I have read the github examples and I couldn't find a similarly unbalanced design.
Thanks in advance for your ideas,
Max
p.s.:
1. The reference system is not relevant for my hypothesis testing, I've therefore filtered it out using IF(`Vehicle`!='0')
2. To capture main effects, I have also performed Paired Samples t-tests on the lumped data, e.g. comparing the averaged responses from V1 and V2 with V3 to capture the effect of MC. I am however unsure whether this is a good approach, plus I can't investigate interaction effects this way.
I have some questions regarding my approach to hypothesis testing for an unbalanced repeated-measures design.
I've performed an analysis of variances (ANOVA) on a repeated-measures (RM) experiment with an unbalanced design, looking like this:
Participants of different User Levels perform a subjective rating of seven characteristics for a reference system and three variants. These three variants are distinguished by two IVs (RF and MC), i.e. the test matrix looks like this:
Reference: Very different methodically, not related to the IVs at all
V1: [RF on, MC off]
V2: [RF off, MC off]
V3: [RF on, MC on]
All participants rated all seven characteristics (DVs) for all three variants. Hence, the imbalance is due to the missing test matrix cells, i.e. the N evaluations for the condition [RF off, MC on], which could not be tested.
The goal of my analysis is the investigation of the main effects of the IVs on user ratings and their (IVs) interaction with the User Level.
Analysis via jamovi's RM ANOVA works fine, as do post-hoc analyses and interactions, if I am using the variant (0,1,2, or 3) as a Repeated Measures Factor, and User Level as a Between Subjects Factor. However, now that I would like to investigate the main effects, I've been having the following problem: RM ANOVA can to my knowledge not handle empty repeated measures cells, so defining my IVs as RM Factors is not an option.
According to my research, Linear Mixed Models (LMMs) should be able to handle such inbalanced designs better. I've therefore plugged the same data into gamlj's Mixed Model in the following way:
Linear mixed model fit by REML
6 ~ 1 + MC + RF + UserLevel + MC:RF+( 1 | UserID )
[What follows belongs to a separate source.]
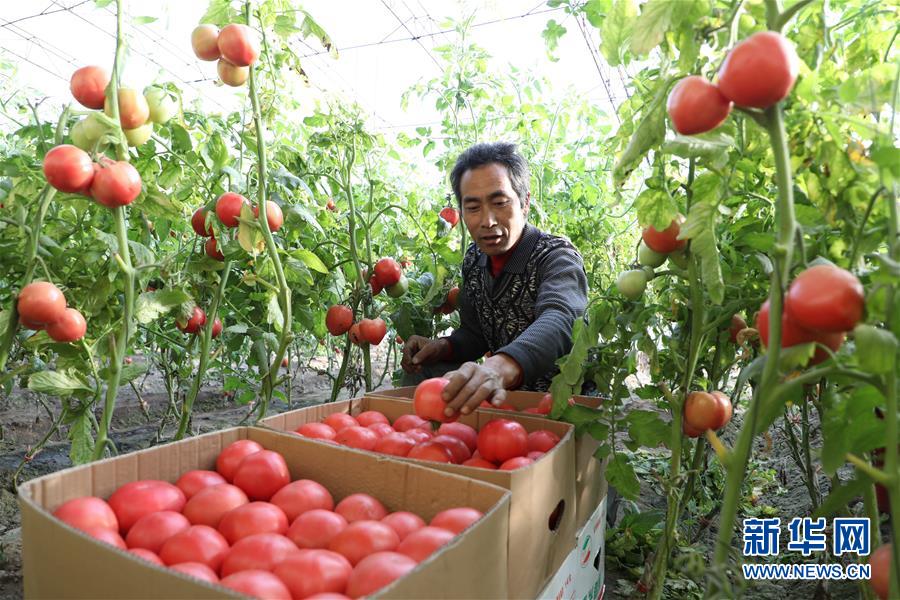 1月6日,唐山市丰润区丰润镇圪塔坨村农民在大棚内采摘西红柿。

To my understanding, this means that the info on the RM nature of this design is captured via the Cluster Variable UserID, and I am allowing random effects (i.e. individual differences between users) on the model intercept through UserID. Unfortunately, this modeling approach doesn't seem successful, since many of the output cells remain empty, the plot is not fully populated (see attachments), and I am receiving the following warning:
WARNING: Some of the coefficients cannot be estimated because they are perfectly correlated with other coefficients in the model. This can be due to empty cells in the design or perfectly correlated covariates. The results may be uninterpretable.
My questions are:
- Do you see any general problems with my approach to this analysis? Am I on the wrong path with an LMM?
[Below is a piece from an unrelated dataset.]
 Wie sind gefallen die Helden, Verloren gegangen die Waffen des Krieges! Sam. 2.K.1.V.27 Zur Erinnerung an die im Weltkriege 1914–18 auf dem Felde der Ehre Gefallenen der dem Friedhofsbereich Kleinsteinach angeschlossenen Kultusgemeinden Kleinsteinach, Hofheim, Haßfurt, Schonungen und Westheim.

- Is there a smarter or more well suited analysis for the described setup?
- If my approach is not generally wrong, is there a way to check what's going wrong under the hood of my LMM?
I have read the github examples and I couldn't find a similarly unbalanced design.
Thanks in advance for your ideas,
Max
p.s.:
1. The reference system is not relevant for my hypothesis testing, I've therefore filtered it out using IF(`Vehicle`!='0')
2. To capture main effects, I have also performed Paired Samples t-tests on the lumped data, e.g. comparing the averaged responses from V1 and V2 with V3 to capture the effect of MC. I am however unsure whether this is a good approach, plus I can't investigate interaction effects this way.